EXERCISE INPUTS —
────────────────────────────────────────

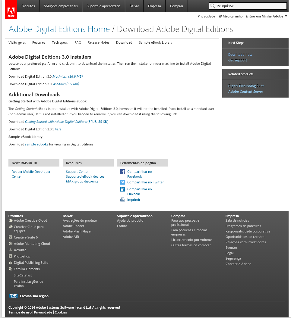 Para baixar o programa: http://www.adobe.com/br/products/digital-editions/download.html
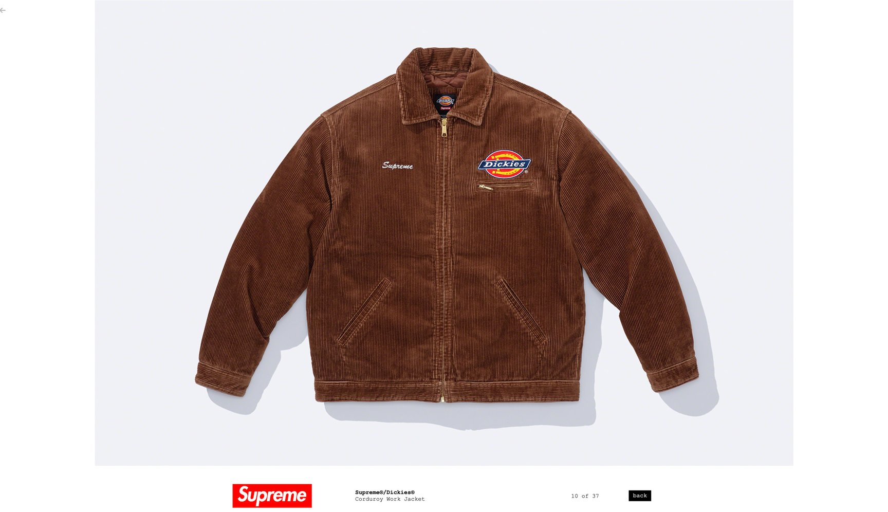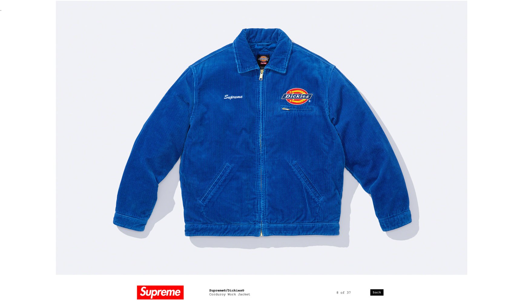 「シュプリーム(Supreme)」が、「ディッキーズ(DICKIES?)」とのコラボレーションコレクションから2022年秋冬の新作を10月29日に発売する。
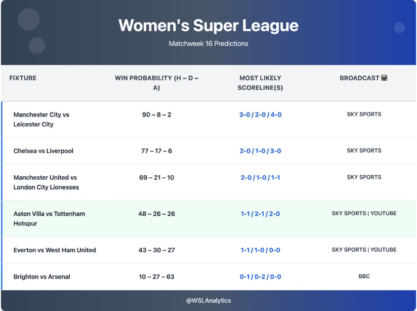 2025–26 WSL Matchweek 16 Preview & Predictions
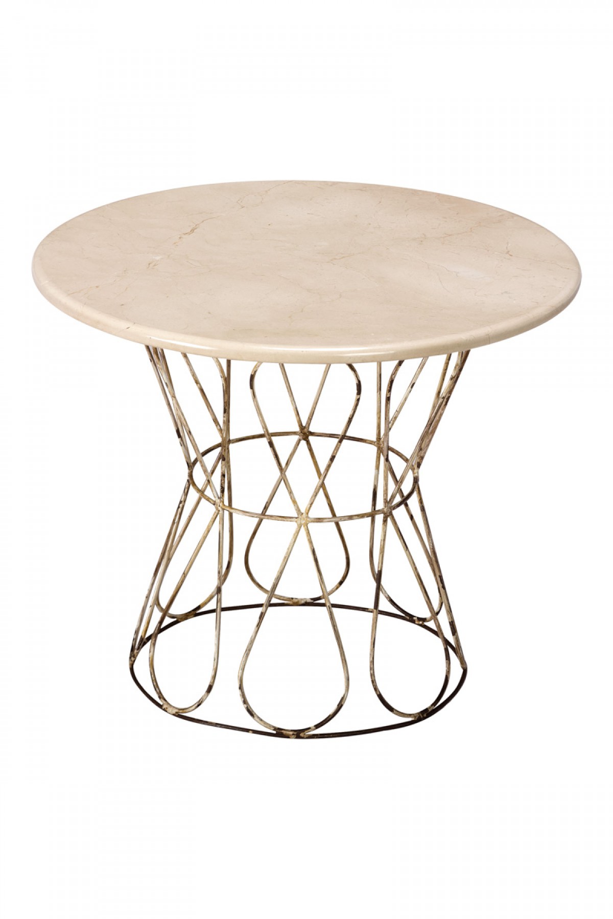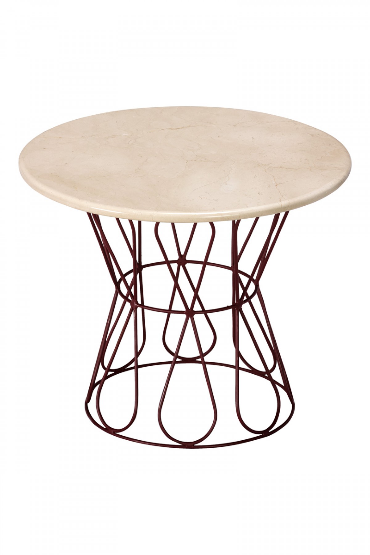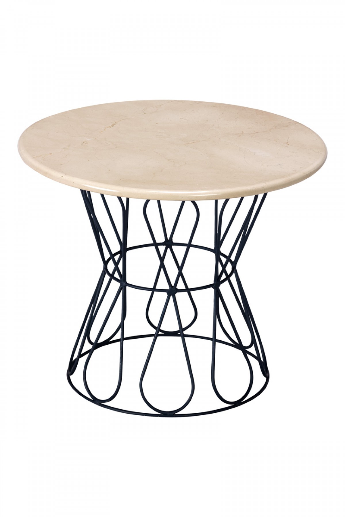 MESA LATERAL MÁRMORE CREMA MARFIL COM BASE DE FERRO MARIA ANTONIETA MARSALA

────────────────────────────────────────

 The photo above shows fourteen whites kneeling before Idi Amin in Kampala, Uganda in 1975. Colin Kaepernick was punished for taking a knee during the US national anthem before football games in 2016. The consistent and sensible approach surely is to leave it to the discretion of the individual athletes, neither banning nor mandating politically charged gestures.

────────────────────────────────────────

YOUR INSTRUCTIONS —
Your answer is the exact run of lines above from the one with "2025–26 WSL Matchweek" through the one with "MESA LATERAL MÁRMORE", both ends included, minus any picture.

WORKED SOLUTION —
 2025–26 WSL Matchweek 16 Preview & Predictions
 MESA LATERAL MÁRMORE CREMA MARFIL COM BASE DE FERRO MARIA ANTONIETA MARSALA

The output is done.